------ AVAILABLE DATA
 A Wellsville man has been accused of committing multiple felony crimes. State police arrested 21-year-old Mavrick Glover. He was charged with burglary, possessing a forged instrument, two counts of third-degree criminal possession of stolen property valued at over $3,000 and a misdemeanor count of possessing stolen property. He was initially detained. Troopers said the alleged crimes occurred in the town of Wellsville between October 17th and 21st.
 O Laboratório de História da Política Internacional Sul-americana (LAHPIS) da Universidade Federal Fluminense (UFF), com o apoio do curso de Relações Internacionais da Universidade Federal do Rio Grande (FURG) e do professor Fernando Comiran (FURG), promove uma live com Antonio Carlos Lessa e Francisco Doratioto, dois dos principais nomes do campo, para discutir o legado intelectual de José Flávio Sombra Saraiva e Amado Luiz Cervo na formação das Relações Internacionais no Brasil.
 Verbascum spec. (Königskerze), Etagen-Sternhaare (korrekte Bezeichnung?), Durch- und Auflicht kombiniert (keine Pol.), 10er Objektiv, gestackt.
------------
------ AVAILABLE DATA
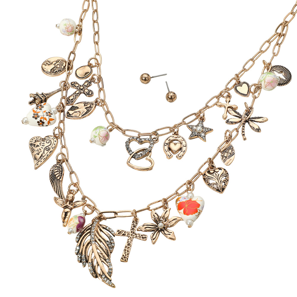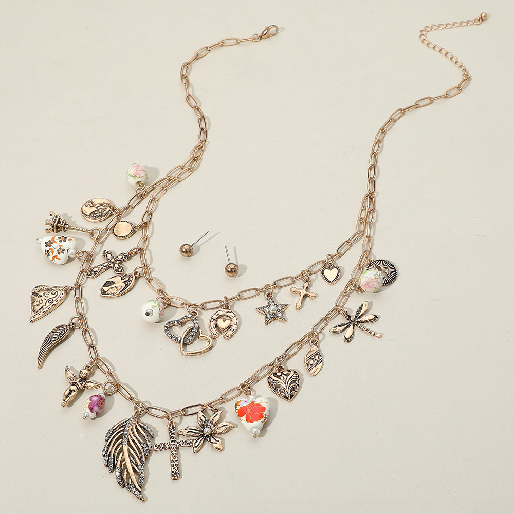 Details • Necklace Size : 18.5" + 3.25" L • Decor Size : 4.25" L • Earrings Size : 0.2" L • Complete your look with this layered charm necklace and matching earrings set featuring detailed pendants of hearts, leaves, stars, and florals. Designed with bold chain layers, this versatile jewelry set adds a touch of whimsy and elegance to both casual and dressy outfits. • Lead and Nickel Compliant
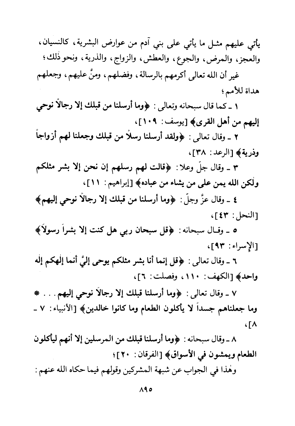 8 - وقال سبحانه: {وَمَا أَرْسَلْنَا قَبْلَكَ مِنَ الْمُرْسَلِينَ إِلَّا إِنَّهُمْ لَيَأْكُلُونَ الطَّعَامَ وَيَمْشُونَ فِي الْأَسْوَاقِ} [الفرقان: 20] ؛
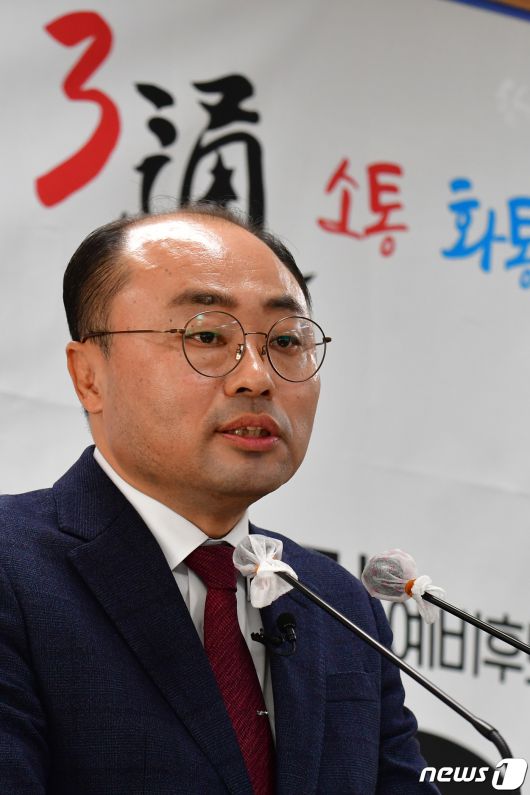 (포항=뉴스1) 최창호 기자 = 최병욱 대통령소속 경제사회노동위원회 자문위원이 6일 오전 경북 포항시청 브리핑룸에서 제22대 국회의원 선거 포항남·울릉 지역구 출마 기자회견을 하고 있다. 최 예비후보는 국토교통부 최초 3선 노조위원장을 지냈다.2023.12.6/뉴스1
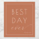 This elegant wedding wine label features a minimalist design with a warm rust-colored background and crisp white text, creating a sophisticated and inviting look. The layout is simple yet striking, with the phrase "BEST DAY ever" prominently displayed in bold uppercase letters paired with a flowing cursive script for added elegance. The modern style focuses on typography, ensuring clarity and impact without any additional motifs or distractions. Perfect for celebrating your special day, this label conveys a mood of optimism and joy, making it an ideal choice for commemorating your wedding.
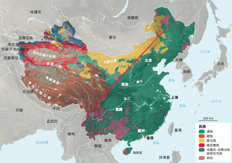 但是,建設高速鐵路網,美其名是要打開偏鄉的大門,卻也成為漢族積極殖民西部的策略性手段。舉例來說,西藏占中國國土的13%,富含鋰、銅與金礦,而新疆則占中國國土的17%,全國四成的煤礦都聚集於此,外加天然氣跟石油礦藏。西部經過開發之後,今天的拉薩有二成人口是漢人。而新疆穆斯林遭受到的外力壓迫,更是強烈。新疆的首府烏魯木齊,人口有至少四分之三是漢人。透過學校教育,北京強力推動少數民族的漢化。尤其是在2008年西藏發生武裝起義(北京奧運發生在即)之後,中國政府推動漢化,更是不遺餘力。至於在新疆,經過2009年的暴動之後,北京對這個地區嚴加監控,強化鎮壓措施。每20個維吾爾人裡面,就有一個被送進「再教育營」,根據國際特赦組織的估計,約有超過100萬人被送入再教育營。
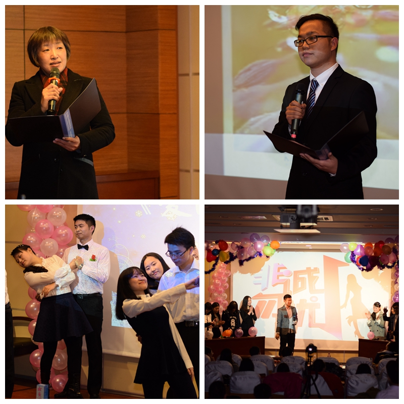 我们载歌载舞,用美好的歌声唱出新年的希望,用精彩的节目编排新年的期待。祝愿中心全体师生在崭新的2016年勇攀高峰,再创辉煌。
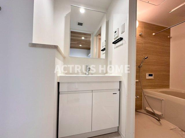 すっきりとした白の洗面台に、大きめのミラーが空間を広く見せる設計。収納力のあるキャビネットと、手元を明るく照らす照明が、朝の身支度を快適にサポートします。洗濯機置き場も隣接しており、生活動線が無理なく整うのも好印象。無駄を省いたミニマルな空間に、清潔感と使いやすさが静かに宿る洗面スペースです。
------------
------ AVAILABLE DATA
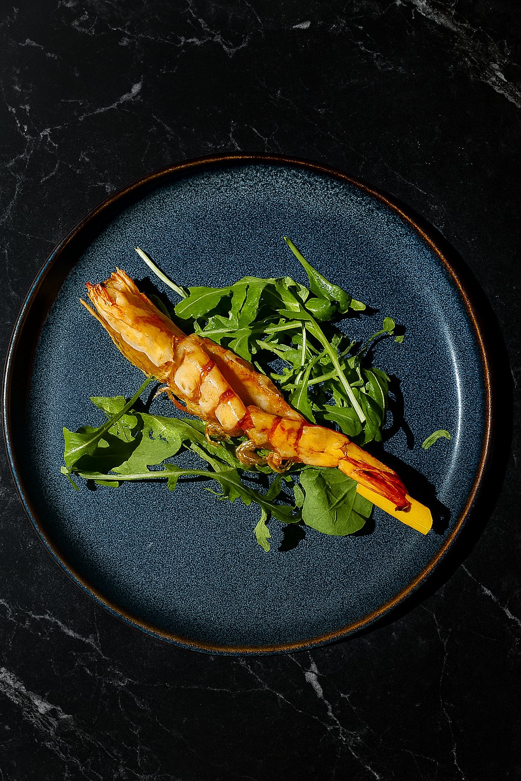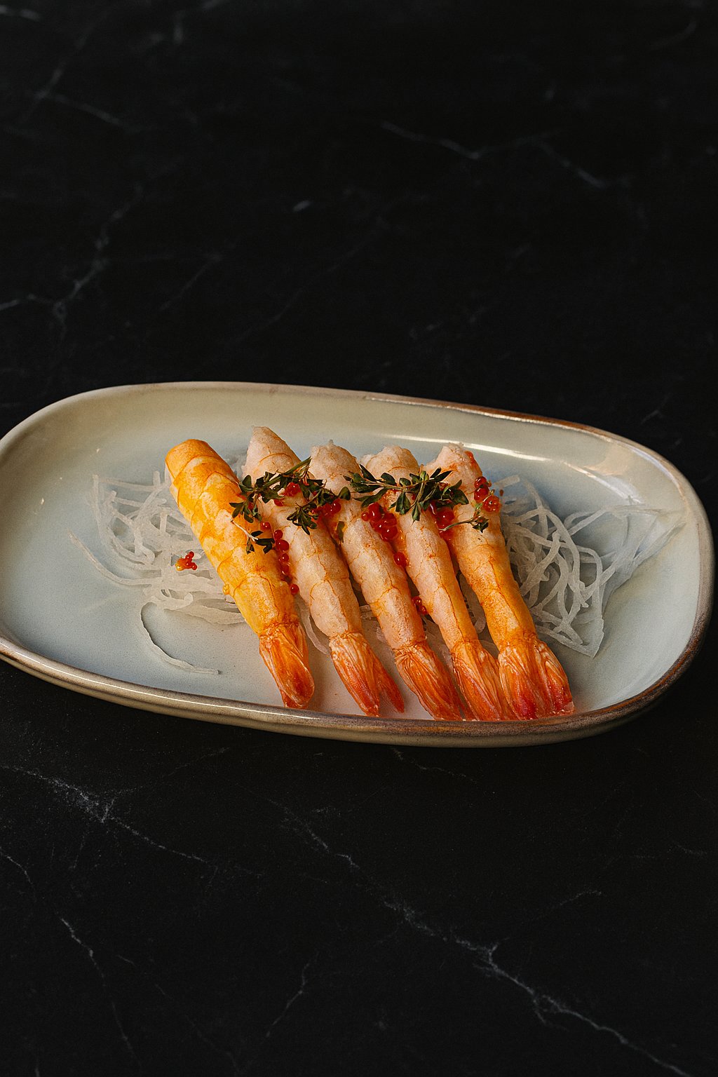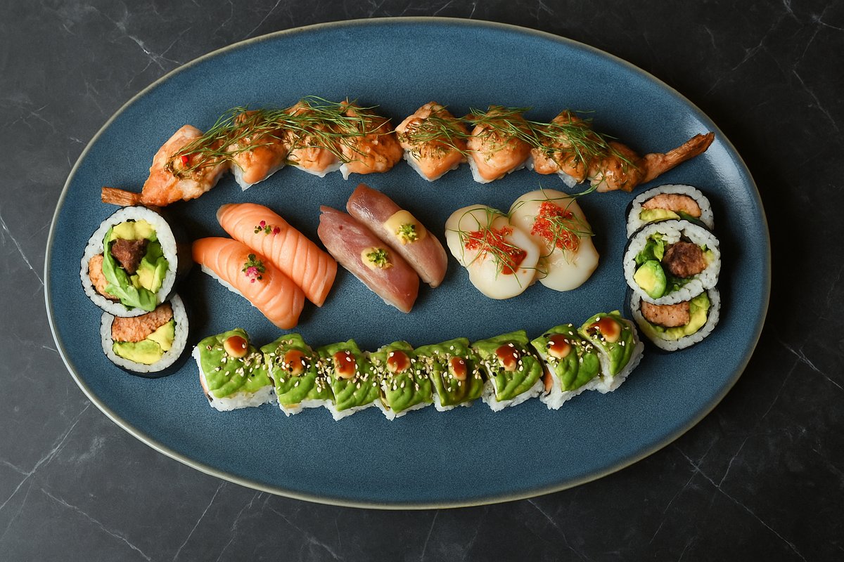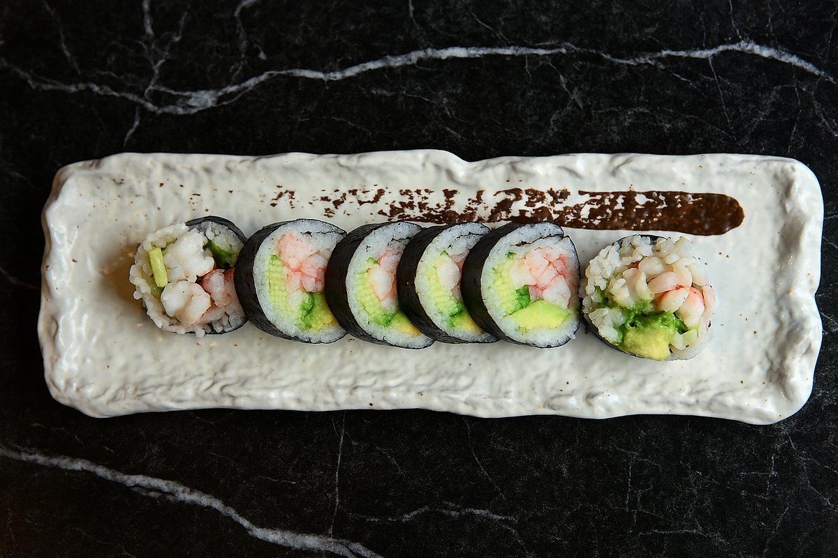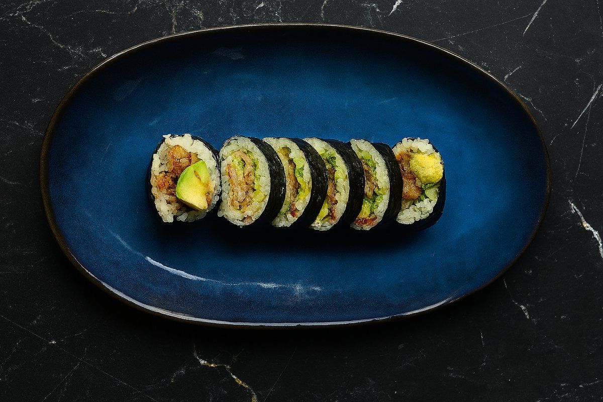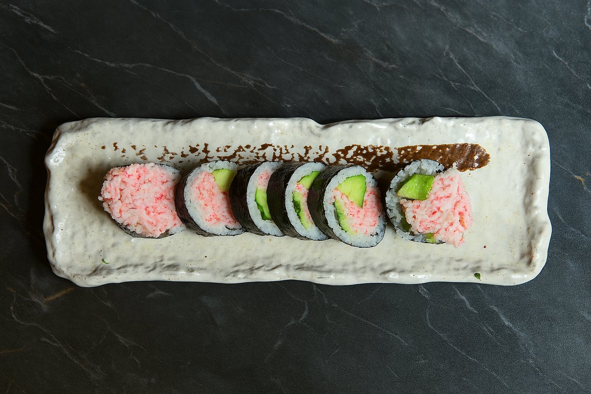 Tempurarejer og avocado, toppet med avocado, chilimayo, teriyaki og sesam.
------------
WHAT TO PRODUCE: Leaving all pictures out, output exactly the lines of the material above from the line with "[الفرقان: 20] ؛" to the line with "我们载歌载舞,用美好的歌声唱", both included.

WRITTEN RESPONSE:
 8 - وقال سبحانه: {وَمَا أَرْسَلْنَا قَبْلَكَ مِنَ الْمُرْسَلِينَ إِلَّا إِنَّهُمْ لَيَأْكُلُونَ الطَّعَامَ وَيَمْشُونَ فِي الْأَسْوَاقِ} [الفرقان: 20] ؛
 (포항=뉴스1) 최창호 기자 = 최병욱 대통령소속 경제사회노동위원회 자문위원이 6일 오전 경북 포항시청 브리핑룸에서 제22대 국회의원 선거 포항남·울릉 지역구 출마 기자회견을 하고 있다. 최 예비후보는 국토교통부 최초 3선 노조위원장을 지냈다.2023.12.6/뉴스1
 This elegant wedding wine label features a minimalist design with a warm rust-colored background and crisp white text, creating a sophisticated and inviting look. The layout is simple yet striking, with the phrase "BEST DAY ever" prominently displayed in bold uppercase letters paired with a flowing cursive script for added elegance. The modern style focuses on typography, ensuring clarity and impact without any additional motifs or distractions. Perfect for celebrating your special day, this label conveys a mood of optimism and joy, making it an ideal choice for commemorating your wedding.
 但是,建設高速鐵路網,美其名是要打開偏鄉的大門,卻也成為漢族積極殖民西部的策略性手段。舉例來說,西藏占中國國土的13%,富含鋰、銅與金礦,而新疆則占中國國土的17%,全國四成的煤礦都聚集於此,外加天然氣跟石油礦藏。西部經過開發之後,今天的拉薩有二成人口是漢人。而新疆穆斯林遭受到的外力壓迫,更是強烈。新疆的首府烏魯木齊,人口有至少四分之三是漢人。透過學校教育,北京強力推動少數民族的漢化。尤其是在2008年西藏發生武裝起義(北京奧運發生在即)之後,中國政府推動漢化,更是不遺餘力。至於在新疆,經過2009年的暴動之後,北京對這個地區嚴加監控,強化鎮壓措施。每20個維吾爾人裡面,就有一個被送進「再教育營」,根據國際特赦組織的估計,約有超過100萬人被送入再教育營。
 我们载歌载舞,用美好的歌声唱出新年的希望,用精彩的节目编排新年的期待。祝愿中心全体师生在崭新的2016年勇攀高峰,再创辉煌。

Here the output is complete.